He shrugged, his clean-shaven face coloring. “Thanks, but I guess you must have a lot to talk about. After all, you
haven’t seen each other for at least a couple of hours.” And turning abruptly, he strode toward the house.
Shannon sighed. She said irritably, “Why is the man always so darned awkward? He makes everyone feel uncomfortable. Except my dad.”
“He’s a clever bastard, though,” Wil said, stripping off his T-shirt. “Come on, let’s take that dip in the lake. I sure could use it.”
The approach to the lake was through an avenue of plane trees, Bob Keeffe’s pride and joy because it reminded him of Provence, and of the van Gogh landscape that hung in his office at Keeffe Center in Manhattan.
“The whole world lights up for me every time I look at that painting,” he had told Shannon. “I used to keep a postcard of it pinned to my wall at college. I never dreamed I would ever own it. I just thought maybe I’d get to see it in a museum one day. And now it’s on my office wall. That’s what success means to me, daughter.

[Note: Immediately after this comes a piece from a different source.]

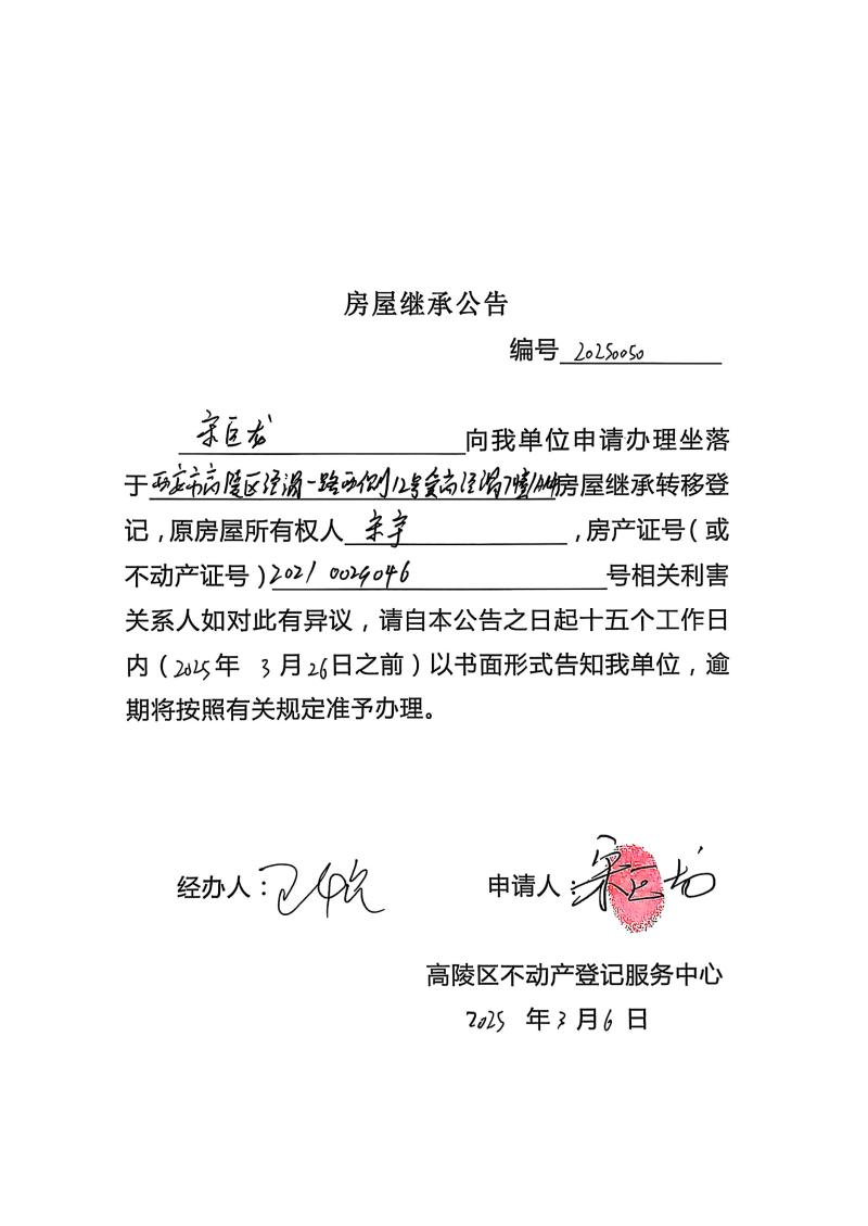 宋巨龍房屋繼承公告,編號(hào):20250050

The ability to make dreams come true.”
But today the humidity had brought out the midges and gnats, and Wil and Shannon ran, shrieking with laughter, down the avenue’s shady length, waving their arms frantically over their heads.
“Look,” Shannon exclaimed, peering at the ornamental wooden gazebo overlooking the water fifty yards along the bank. “Someone is there. And still in his dinner jacket!” She laughed. “I guess he never made it home.”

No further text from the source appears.